Range to copy from the entries below: the line containing "S25年～S34年 ディンプル型で 縫い目が形成" through the line containing "11/12/2007 ΙΔΡΥΣΗ ΖΩΝΗΣ", inclusive. Retype only those lines, exactly, without any images.

▶ _Input_:
··········
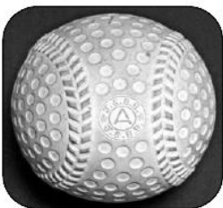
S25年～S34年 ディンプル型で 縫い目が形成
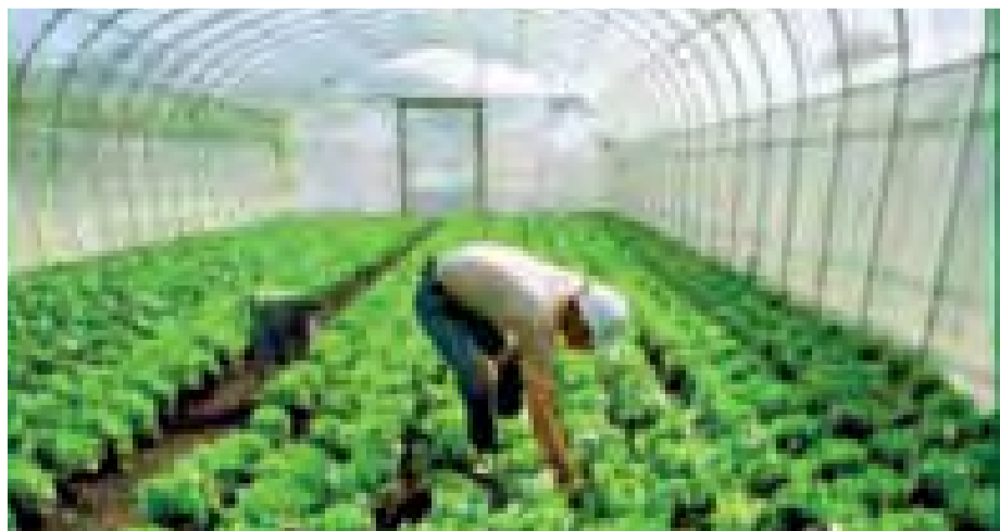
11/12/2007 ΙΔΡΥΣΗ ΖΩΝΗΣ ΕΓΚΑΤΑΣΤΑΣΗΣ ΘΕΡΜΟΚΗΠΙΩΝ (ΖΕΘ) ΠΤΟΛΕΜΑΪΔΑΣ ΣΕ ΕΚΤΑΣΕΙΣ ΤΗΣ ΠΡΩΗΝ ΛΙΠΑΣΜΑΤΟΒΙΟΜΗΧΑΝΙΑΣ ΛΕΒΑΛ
··········
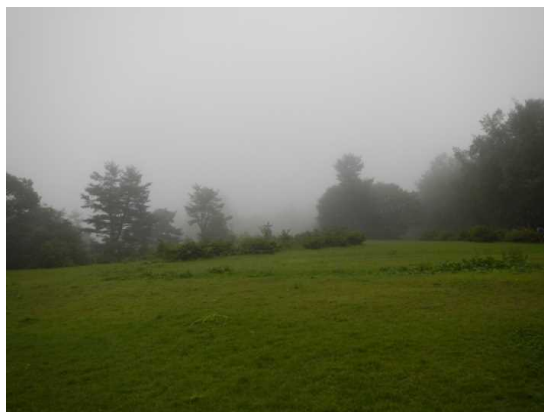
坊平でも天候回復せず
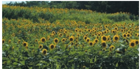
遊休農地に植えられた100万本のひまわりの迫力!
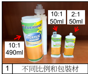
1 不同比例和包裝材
··········
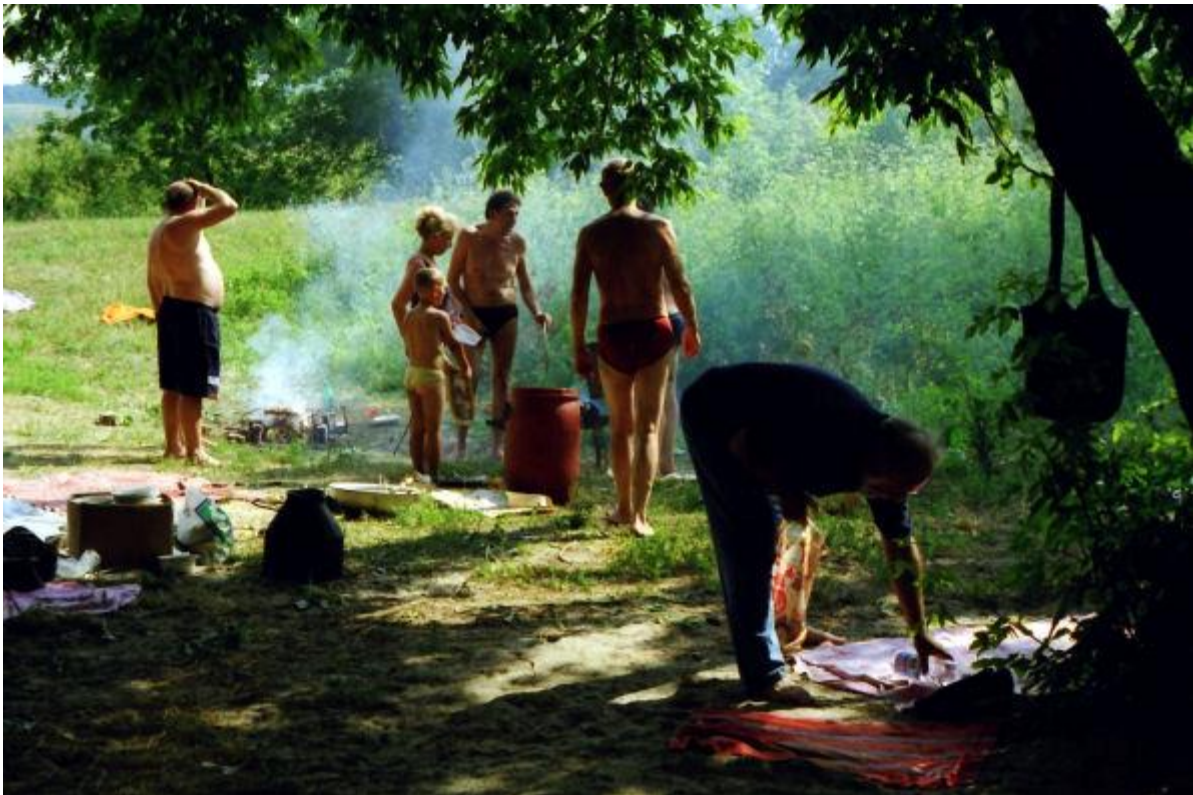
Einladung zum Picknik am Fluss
··········
▶ _Task output_:
S25年～S34年 ディンプル型で 縫い目が形成
11/12/2007 ΙΔΡΥΣΗ ΖΩΝΗΣ ΕΓΚΑΤΑΣΤΑΣΗΣ ΘΕΡΜΟΚΗΠΙΩΝ (ΖΕΘ) ΠΤΟΛΕΜΑΪΔΑΣ ΣΕ ΕΚΤΑΣΕΙΣ ΤΗΣ ΠΡΩΗΝ ΛΙΠΑΣΜΑΤΟΒΙΟΜΗΧΑΝΙΑΣ ΛΕΒΑΛ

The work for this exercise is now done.